AFAICT in the current code we don't set PG_hwpoison on individual
pages for hugetlb folios, so it won't confuse the page allocator.

> Is there a reason why hugetlb does not use has_hwpoison flag?

But yeah sounds like hugetlb is quite special here :)

I don't see why we should not use has_hwpoisoned and I think it's fine
to set has_hwpoisoned on hwpoison hugetlb folios in
folio_clear_hugetlb_hwpoison() and check the flag in the page allocator!

And since the split code has to scan base pages to check if there
is an hwpoison page in the new folio created by split (as Zi Yan mentioned),
I think it's fine to not skip calling folio_free_raw_hwp() in
folio_clear_hugetlb_hwpoison() and set has_hwpoisoned instead, and then
scan pages in free_pages_prepare() when we know has_hwpoisoned is set.

That should address Jiaqi's concern on adding hugetlb-specific code
in the page allocator.

So summing up:

1. Transfer raw hwp list to individual pages by setting PG_hwpoison
   (that's done in folio_clear_hugetlb_hwpoison()->folio_free_raw_hwp()!)

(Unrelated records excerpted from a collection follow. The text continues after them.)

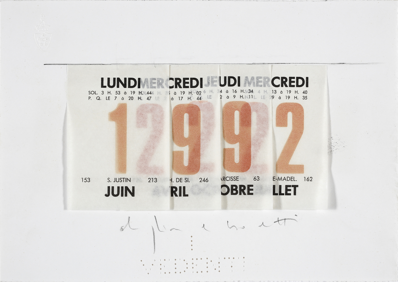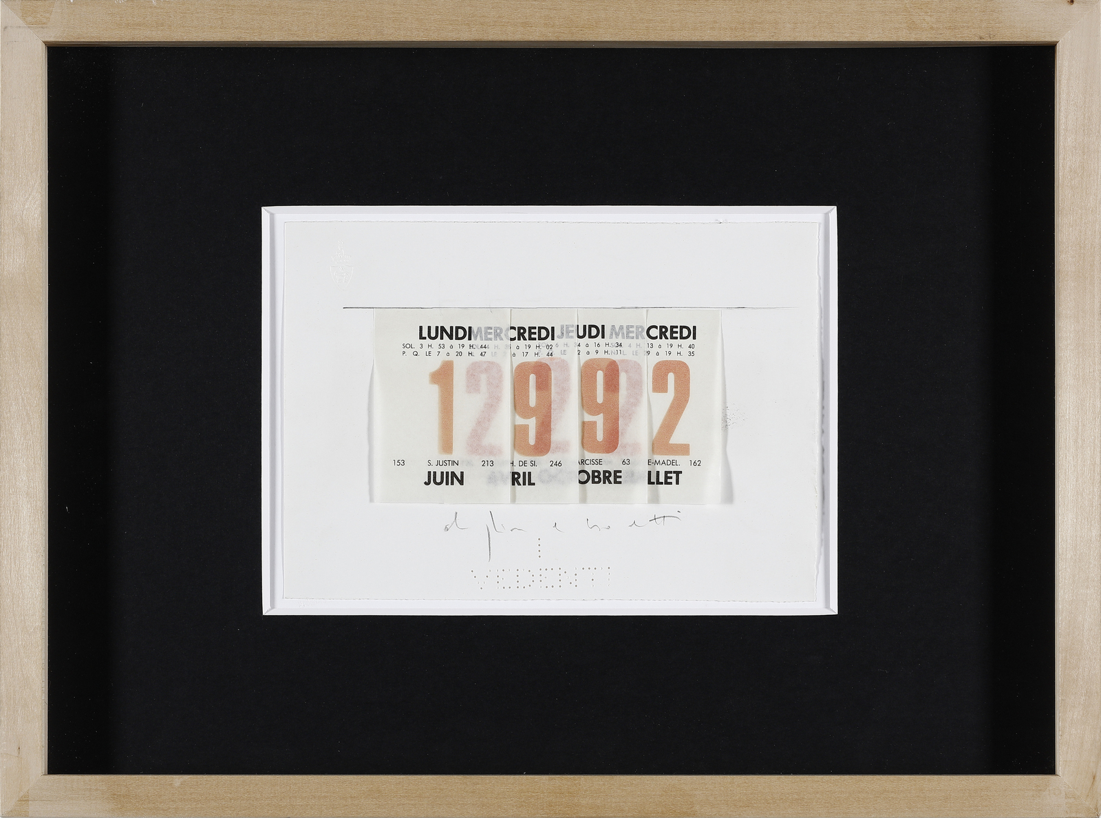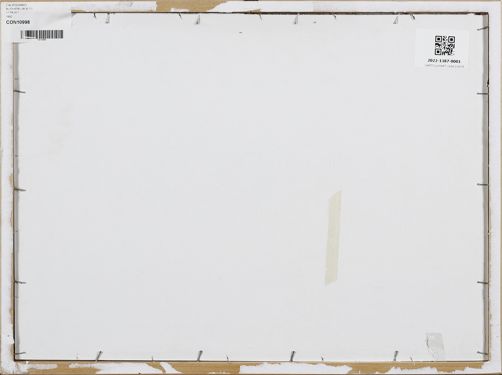 Firma in basso al centro. Opera archiviata presso l'Archivio Alighiero Boetti, Roma, come da documentazione fotografica allegata all'opera riportante il relativo numero d'inventario. Certificato di provenienza Elite Trading, Milano. Provenienza: Elite trading, Milano. Collezione privata.
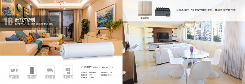 需要在窗帘位置上预留安装窗帘盒的宽度,单层轨道需要至少12cm,双层轨道至少20cm;附近的墙面上预留220V电源或是普通插座,供窗帘电机.html'>电机工作使用。智能窗户控制,同理也需要在推窗器电机旁预留一个220V电源或是普通插座,智能窗户控制支持平移和向外开窗两种控制方式,所以也需要预留安装推窗器或开窗器的宽度。
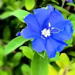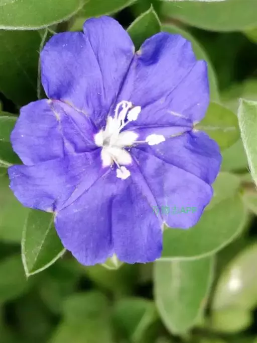 总花梗丝状,较叶短或长得多,长2.5-3.5厘米,被贴生毛;花单1或数朵组成聚伞花序,花柄与萼片等长或通常较萼片长;苞片线状钻形至线状披针形,长1.5-4毫米;萼片披针形,锐尖或渐尖,长3-4毫米,被长柔毛;花冠辐状,直径7-8(-10)毫米,蓝色或白色;雄蕊5,内藏,花丝丝状,长约4毫米,贴生于花冠管基部;花药长圆状卵形,先端渐尖,基部钝,长约1.5毫米;子房无毛;花柱2,每1花柱2尖裂,柱头圆柱形,先端稍棒状。

2. Set has_hwpoisoned in folio_clear_hugetlb_hwpoison()

3. Check has_hwpoisoned in free_pages_prepare() and if it's set,
   iterate over all base pages and do non-uniform split by calling
   __split_unmapped_folio() at each hwpoisoned pages.

   I think it's fine to iterate over base pages and check hwpoison flag
   as long as we do that only when we know there's an hwpoison page.

   But maybe we need to dispatch the job to a workqueue as Zi Yan said,
   because it'll take a while to iterate 512 * 512 pages when we're freeing
   1GB hugetlb folios.

4. Optimize __split_unmapped_folio() as suggested by Zi Yan below.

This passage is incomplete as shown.